> **Assignment**
In the copy, every line of the material that follows must appear exactly, and no pictures should.

> **Data segment**
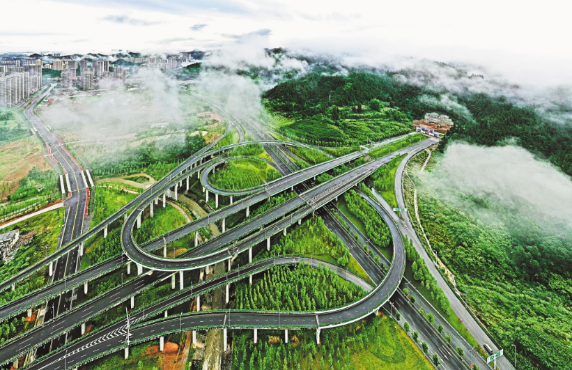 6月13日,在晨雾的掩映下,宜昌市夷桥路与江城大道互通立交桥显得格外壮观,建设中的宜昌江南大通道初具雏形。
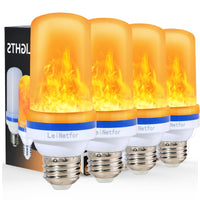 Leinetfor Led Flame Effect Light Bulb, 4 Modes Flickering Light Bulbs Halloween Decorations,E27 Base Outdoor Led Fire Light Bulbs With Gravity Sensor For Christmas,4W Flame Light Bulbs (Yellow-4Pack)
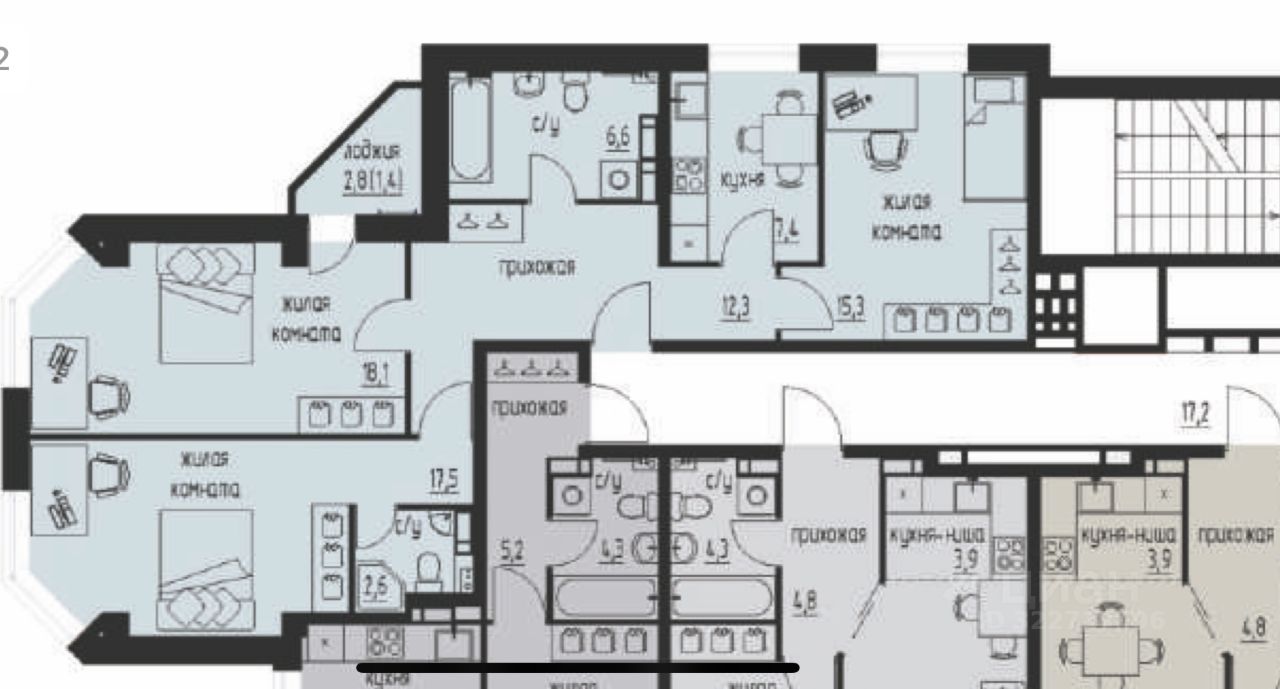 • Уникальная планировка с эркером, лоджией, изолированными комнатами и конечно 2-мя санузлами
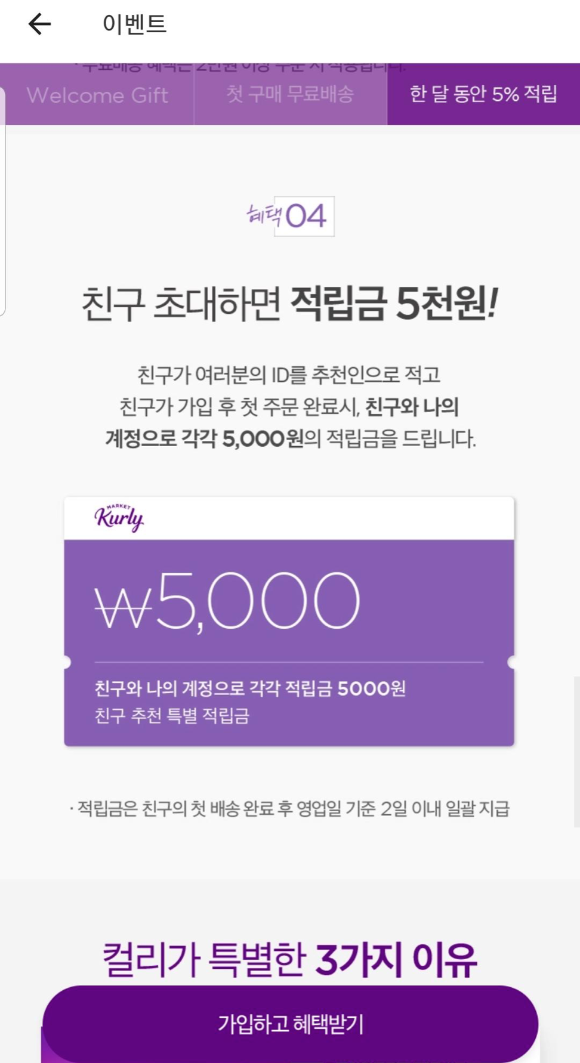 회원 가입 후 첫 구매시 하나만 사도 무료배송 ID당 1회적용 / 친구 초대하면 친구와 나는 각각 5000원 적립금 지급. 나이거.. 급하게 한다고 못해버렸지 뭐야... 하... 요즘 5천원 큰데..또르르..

> **Output of the exercise**
 6月13日,在晨雾的掩映下,宜昌市夷桥路与江城大道互通立交桥显得格外壮观,建设中的宜昌江南大通道初具雏形。
 Leinetfor Led Flame Effect Light Bulb, 4 Modes Flickering Light Bulbs Halloween Decorations,E27 Base Outdoor Led Fire Light Bulbs With Gravity Sensor For Christmas,4W Flame Light Bulbs (Yellow-4Pack)
 • Уникальная планировка с эркером, лоджией, изолированными комнатами и конечно 2-мя санузлами
 회원 가입 후 첫 구매시 하나만 사도 무료배송 ID당 1회적용 / 친구 초대하면 친구와 나는 각각 5000원 적립금 지급. 나이거.. 급하게 한다고 못해버렸지 뭐야... 하... 요즘 5천원 큰데..또르르..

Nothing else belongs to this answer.